** Task goal **
I'd like an exact copy of only the lines from the start of the listing below through the line that holds "怎料,蔡卓宜的粉丝发文,声称". Please keep the pictures out.

** Material supplied **
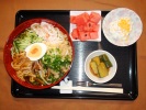 冷し細うどん(キュウリ、煮あげ、煮椎茸、カニカマ、揚玉、万能ネギ、みょうが、ゆでたまご)、ポテトサラダ(人参、キュウリ、ロースハム、ゆでたまご)、キュウリ中華炒め、フルーツ:大玉スイカ |
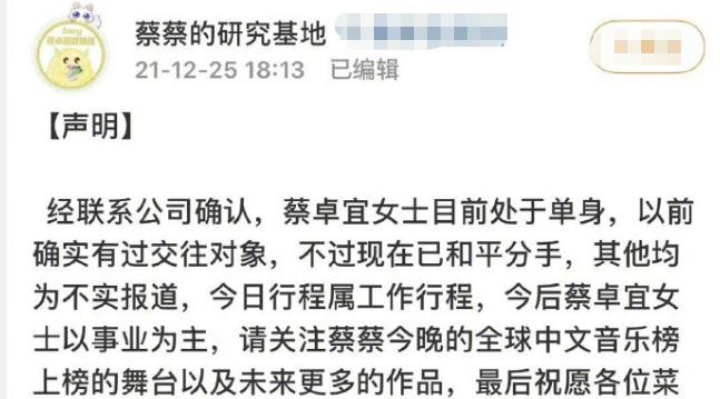 怎料,蔡卓宜的粉丝发文,声称在向公司确认后,她目前是单身,“以前确实有过交往对象,不过现在已和平分手”,被解读成宣告与王大陆分手,让人相当错愕。
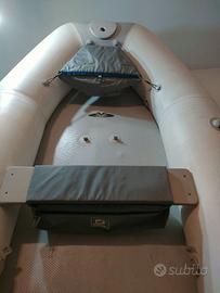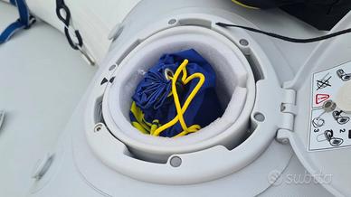 Tender Zodiac modello Cadet Fastroller 360, 3,60 mt. E' perfetto per chi cerca un gommone facile da stivare. Grazie al fondo gonfiabile ad alta pressione H2P, rigido come un fondo tradizionale, il Cadet Fastroller è molto più leggero e performante. La speciale carena profonda Acti-V, anch'essa gonfiabile insieme al fondo, gli conferisce una tenuta di rotta franca precisa ed unica per un tender. Ottimamente equipaggiato: tessuto resistente Strongan Duotex, panchetta amovibile, scalmi con dispositivo "safe-clic", autovuotante a comando interno, remi ecc. Si ripone per intero in un'unica sacca. Dimensioni fuori tutto 360 x 174 cm, Diametro tubolari 45 cm, Potenza massima autorizzata 15 hp, Peso totale 44 kg. Includo equipaggiamento completo con dotazione entro le 3 miglia ( forse i razzi di segnalazione sono scaduti ) con aggiunta optionals originali zodiac quali sacca sottopanca che diventa una borsa e sacca di prua ( c.a. 200?) , salvagente anulare e ruote posteriori ribaltabili per un facile alaggio. Usato poco e tenuto benissimo e sempre gonfio per non stressare i tessuti. Vendo per inutilizzo. FOTO REALI. Da nuovo costa più di 2100? più le ruote più gli accessori, ecc. Massima serietà. VERO AFFARE.
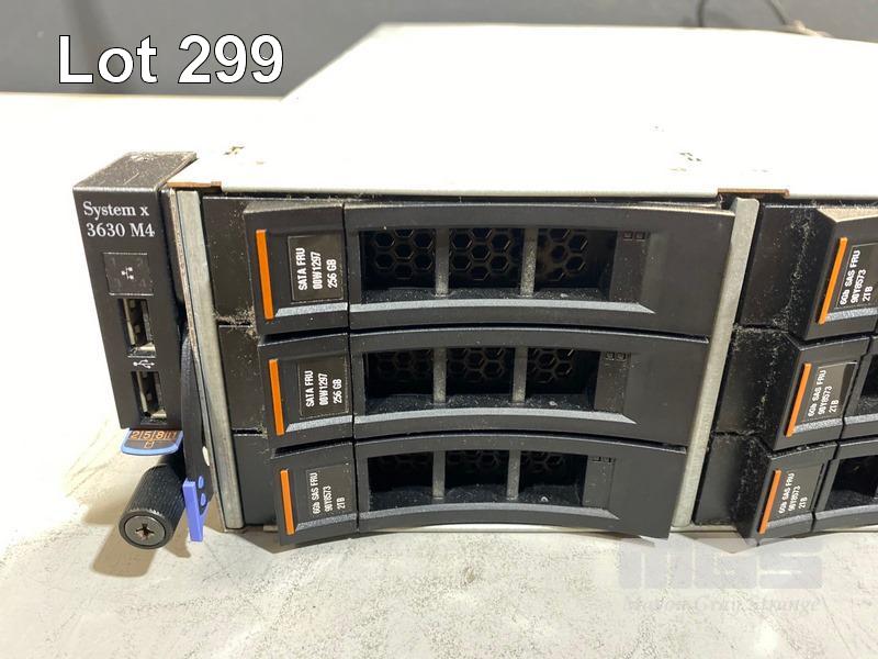 RACKMOUNT SERVER, IBM SYSTEM x3630 M4 (7158FT1), 2U, 2 x XEON E5-2470 @ 2.3GHz, 96GB ECC DDR3 RAM, 2 x 256GB SSD, 10 x 2TB SAS HDD, 2 x 750W PSU (NO CABLES) S/N:06VRCP5
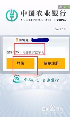 打开农行掌上银行,输入登录登录,点击“登录”按钮
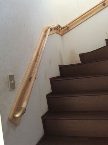 木板を取り付けるとこんな感じです。ここまでできると工事は7割終わった感じです。あとは順番に手摺りと手摺り金具をとりつけていけば、手摺り工事の完了です。「階段がすごく楽になった〜!」と喜んでいただきました。
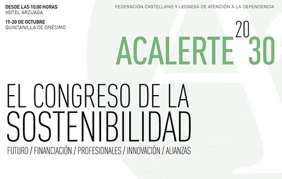 Para celebra sus 30 años de existencia la Federación Castellano y Leonesa de Atención a la Dependencia (Acalerte) organiza el Congreso de la Sostenibilidad, que tendrá lugar los días 19 y 20 de octubre en el Hotel Arzuaga, en Quintanilla de Onésimo (Valladolid).
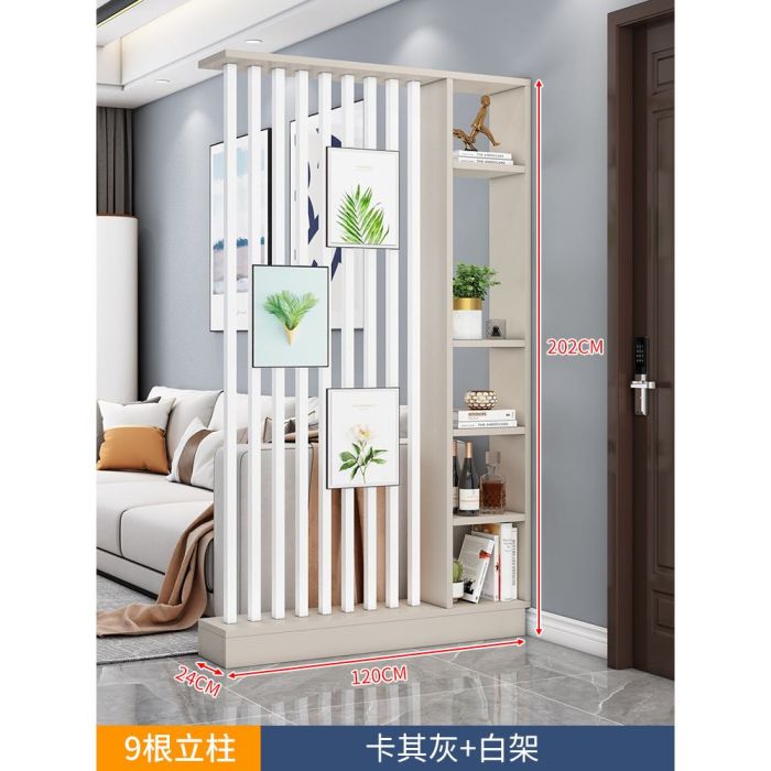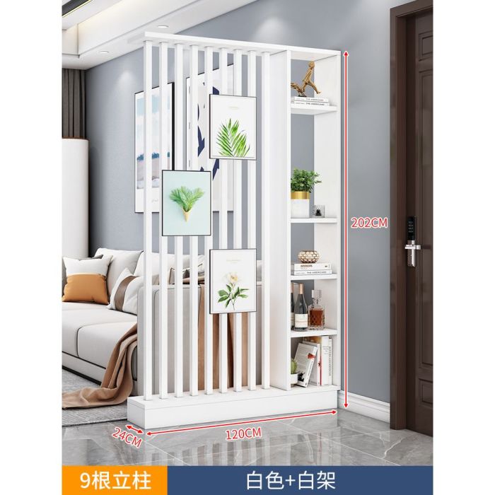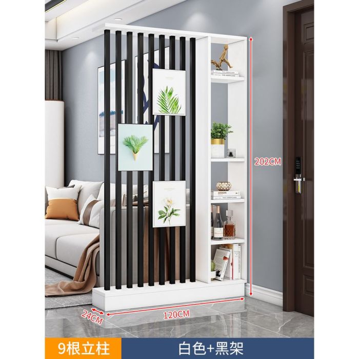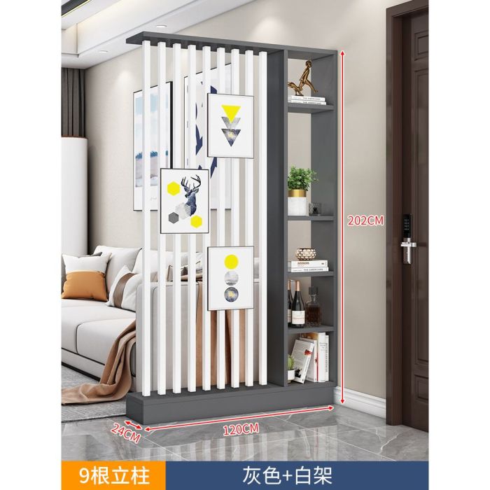 This Room divider with wooden shelves and 9 steel tubes made of particle board and a sturdy steel frame, modern design adds an elegant decorative touch, ideal for organizing space and displaying décor neatly while maintaining its quality

** Problem solution **
 冷し細うどん(キュウリ、煮あげ、煮椎茸、カニカマ、揚玉、万能ネギ、みょうが、ゆでたまご)、ポテトサラダ(人参、キュウリ、ロースハム、ゆでたまご)、キュウリ中華炒め、フルーツ:大玉スイカ |
 怎料,蔡卓宜的粉丝发文,声称在向公司确认后,她目前是单身,“以前确实有过交往对象,不过现在已和平分手”,被解读成宣告与王大陆分手,让人相当错愕。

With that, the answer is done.